As parents age, it can become harder for them to manage their own finances and accounts. Sometimes, the child needs to step in and help them with their financial needs, especially in cases where dementia or other cognitive impairments may be beginning to set in. Experts recommend the following tips if you find yourself in the position of needing to help manage your parents’ finances in addition to your own.
Find the Documents
The first thing to do when managing your parents’ finances is to find all of the important and necessary documents. Be sure to check all desk drawers, filing cabinets, and safety deposit boxes. You should look for all bank account and investment information, retirement accounts, insurance policies, and the titles and deeds to any significant property. You should also look for all medical records and expenses at this time, as it will most likely be a growing financial concern in the near future.
Check the Cash Flow
Check the receipts, bills, checking accounts, and savings to see whether the bills are being paid on time. Use this time to also check and see if your parents are spending money on things that they don’t need or are accidentally paying the same bill more than once. This can also help you check for any financial scams or abuse, such as fake telemarketers asking for money for a charity or someone taking money out of the accounts that should not be doing so.
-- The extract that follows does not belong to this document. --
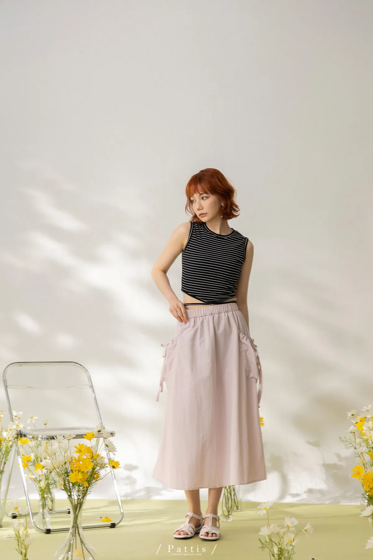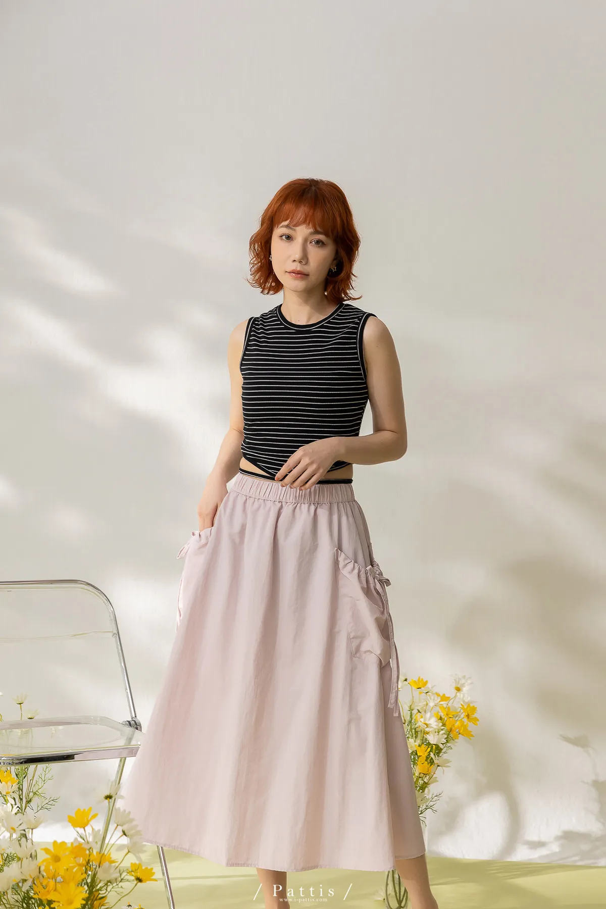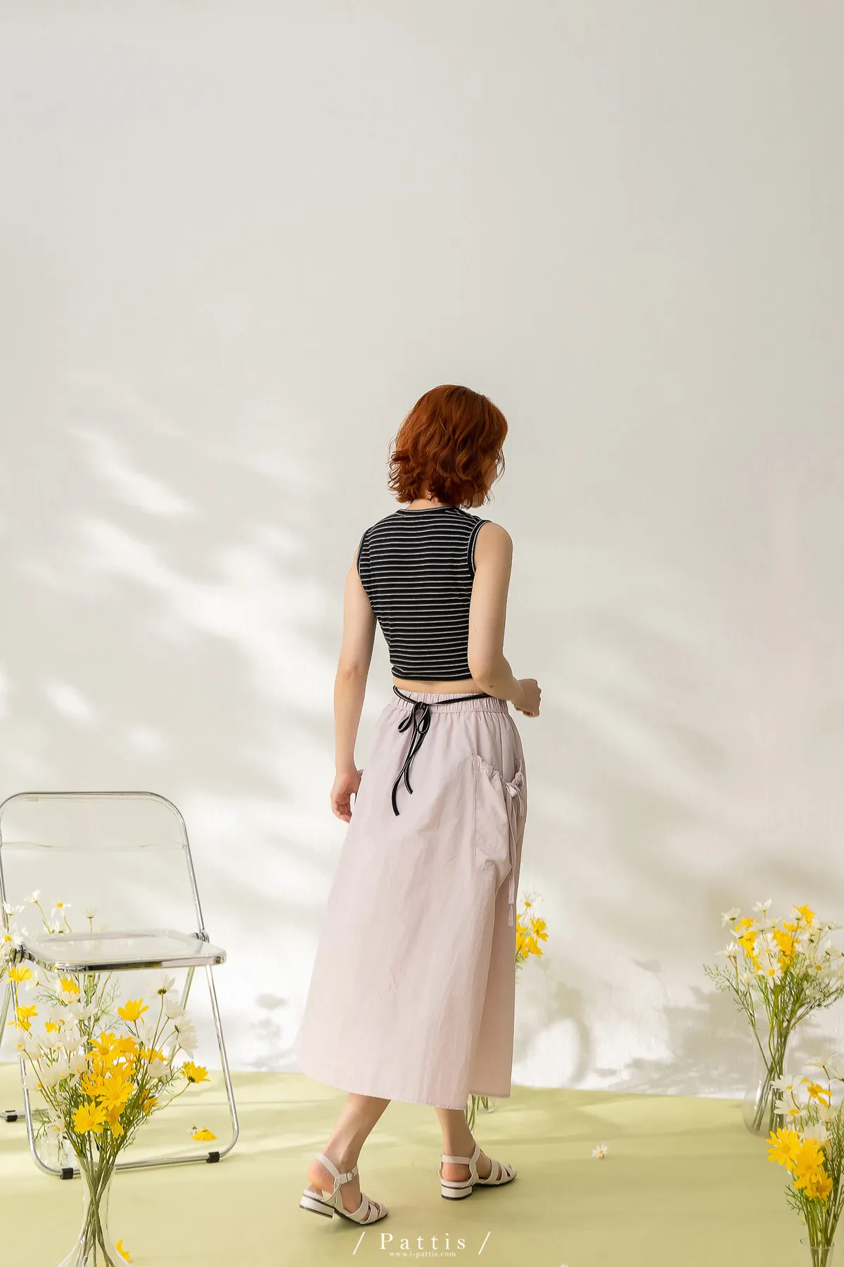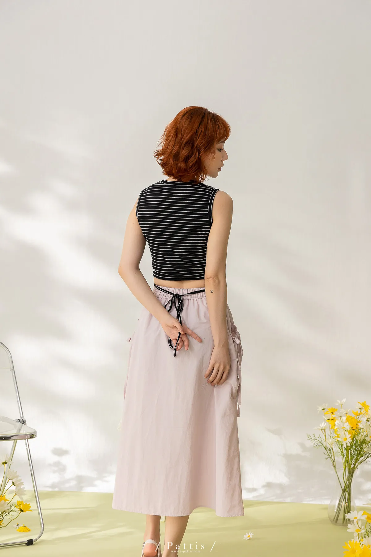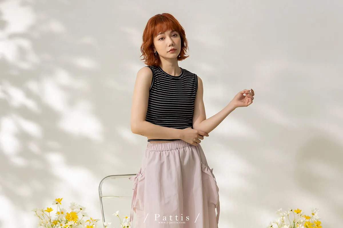 燕尾軌跡 | 尖尾腰綁帶條紋背心(黑)

Find ways to streamline the financial process for your parents. Consider automatic bill pay or electronic billing to cut down on the amount of paper and mail. Also look into cutting up credit cards and canceling other means of spending that your parents do not normally use. This includes cutting down on expensive television, phone, or internet bills as well.
Split the Responsibilities
This process is not something that you need to go through alone, so consider splitting the responsibilities amongst your siblings or other loved ones that are willing to help out. Typically, assigning one person to the day-to-day finances and another to long-term planning tends to work the best when divvying up responsibilities. If you do not trust your family with this role, consider using a financial advisor.
Sign a Durable Power of Attorney
Finally, have your parents sign a durable power of attorney that grants you financial and legal decision making authority in the case that your parents are no longer able to make those decisions on their own due to incapacity. An estate planning or elder law attorney can easily draft a durable power of attorney document that can spring into effect if needed.
It is important to sign this document before any dementia or cognitive impairment sets in, otherwise the power of attorney could be challenged and thrown out in court. You can also get a separate power of attorney with the banking institutions where your parents keep their finances that is specifically for their accounts to streamline the process later on.